## Data under study
^^^^^^^^
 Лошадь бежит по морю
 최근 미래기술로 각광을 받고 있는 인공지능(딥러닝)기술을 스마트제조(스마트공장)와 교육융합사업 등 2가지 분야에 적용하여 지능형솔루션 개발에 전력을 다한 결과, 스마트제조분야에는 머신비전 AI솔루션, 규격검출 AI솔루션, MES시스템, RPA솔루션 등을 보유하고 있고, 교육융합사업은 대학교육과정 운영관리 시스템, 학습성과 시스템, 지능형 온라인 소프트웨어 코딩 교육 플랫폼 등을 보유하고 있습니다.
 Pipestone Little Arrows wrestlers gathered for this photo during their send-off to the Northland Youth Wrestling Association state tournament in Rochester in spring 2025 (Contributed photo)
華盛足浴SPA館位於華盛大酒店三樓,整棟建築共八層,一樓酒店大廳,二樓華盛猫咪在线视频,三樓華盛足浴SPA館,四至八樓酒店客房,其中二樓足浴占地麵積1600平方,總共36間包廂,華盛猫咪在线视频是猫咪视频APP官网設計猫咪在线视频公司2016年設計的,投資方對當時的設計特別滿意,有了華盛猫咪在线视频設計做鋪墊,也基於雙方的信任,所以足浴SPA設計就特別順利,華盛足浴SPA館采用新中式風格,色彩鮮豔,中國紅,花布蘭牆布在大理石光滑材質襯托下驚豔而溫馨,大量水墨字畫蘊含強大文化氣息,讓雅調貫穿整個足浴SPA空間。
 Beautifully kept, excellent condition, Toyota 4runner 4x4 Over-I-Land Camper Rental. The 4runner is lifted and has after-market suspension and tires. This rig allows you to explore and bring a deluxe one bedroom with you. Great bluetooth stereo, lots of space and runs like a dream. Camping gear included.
^^^^^^^^
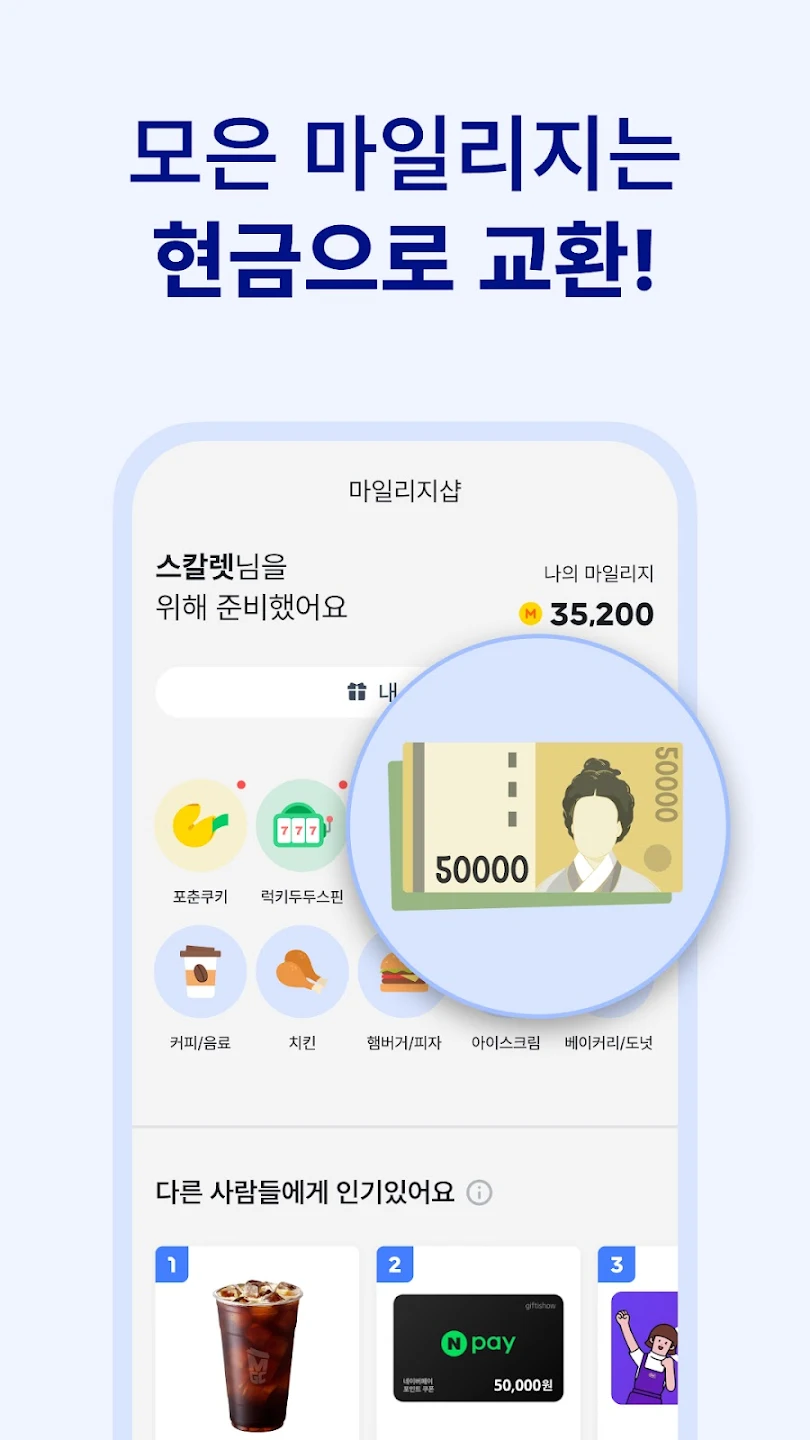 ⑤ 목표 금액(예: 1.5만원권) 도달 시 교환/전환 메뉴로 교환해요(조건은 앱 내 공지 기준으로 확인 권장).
^^^^^^^^
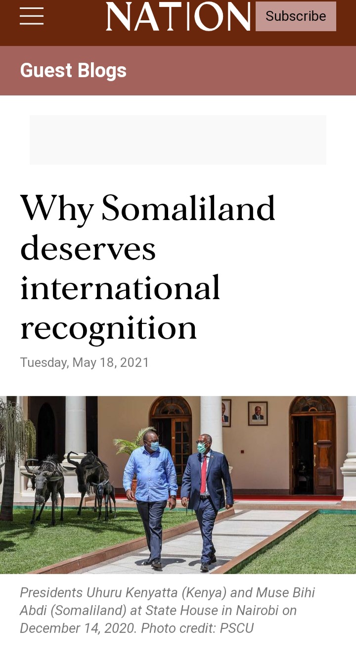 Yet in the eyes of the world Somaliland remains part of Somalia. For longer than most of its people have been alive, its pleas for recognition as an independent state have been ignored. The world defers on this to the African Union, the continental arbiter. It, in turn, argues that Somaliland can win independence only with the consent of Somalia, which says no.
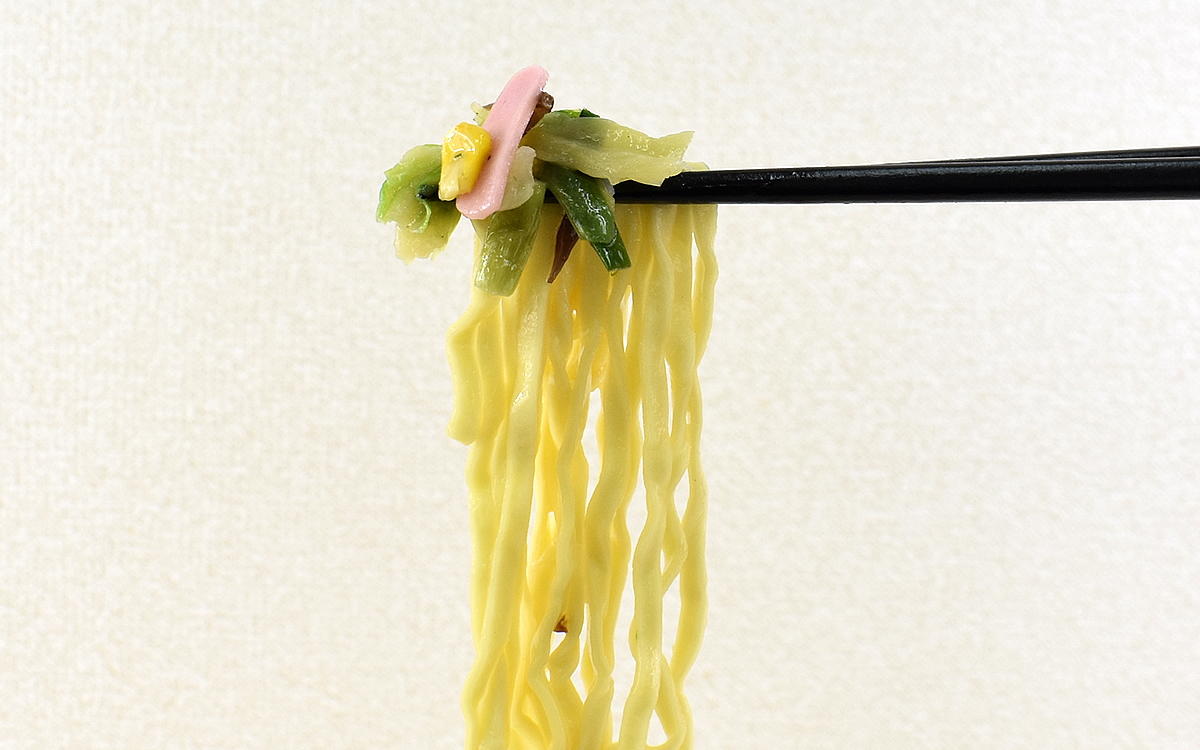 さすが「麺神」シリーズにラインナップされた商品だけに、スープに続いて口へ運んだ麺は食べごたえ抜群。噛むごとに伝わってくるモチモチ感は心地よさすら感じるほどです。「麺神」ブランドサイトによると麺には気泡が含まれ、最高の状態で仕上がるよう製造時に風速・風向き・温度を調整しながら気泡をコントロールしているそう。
^^^^^^^^
## Exercise prompt
Return a word-for-word copy of the lines above from the one holding "Лошадь бежит по морю" through the one holding "Beautifully kept, excellent", with both of them included and nothing besides.

## Answer below
 Лошадь бежит по морю
 최근 미래기술로 각광을 받고 있는 인공지능(딥러닝)기술을 스마트제조(스마트공장)와 교육융합사업 등 2가지 분야에 적용하여 지능형솔루션 개발에 전력을 다한 결과, 스마트제조분야에는 머신비전 AI솔루션, 규격검출 AI솔루션, MES시스템, RPA솔루션 등을 보유하고 있고, 교육융합사업은 대학교육과정 운영관리 시스템, 학습성과 시스템, 지능형 온라인 소프트웨어 코딩 교육 플랫폼 등을 보유하고 있습니다.
 Pipestone Little Arrows wrestlers gathered for this photo during their send-off to the Northland Youth Wrestling Association state tournament in Rochester in spring 2025 (Contributed photo)
華盛足浴SPA館位於華盛大酒店三樓,整棟建築共八層,一樓酒店大廳,二樓華盛猫咪在线视频,三樓華盛足浴SPA館,四至八樓酒店客房,其中二樓足浴占地麵積1600平方,總共36間包廂,華盛猫咪在线视频是猫咪视频APP官网設計猫咪在线视频公司2016年設計的,投資方對當時的設計特別滿意,有了華盛猫咪在线视频設計做鋪墊,也基於雙方的信任,所以足浴SPA設計就特別順利,華盛足浴SPA館采用新中式風格,色彩鮮豔,中國紅,花布蘭牆布在大理石光滑材質襯托下驚豔而溫馨,大量水墨字畫蘊含強大文化氣息,讓雅調貫穿整個足浴SPA空間。
 Beautifully kept, excellent condition, Toyota 4runner 4x4 Over-I-Land Camper Rental. The 4runner is lifted and has after-market suspension and tires. This rig allows you to explore and bring a deluxe one bedroom with you. Great bluetooth stereo, lots of space and runs like a dream. Camping gear included.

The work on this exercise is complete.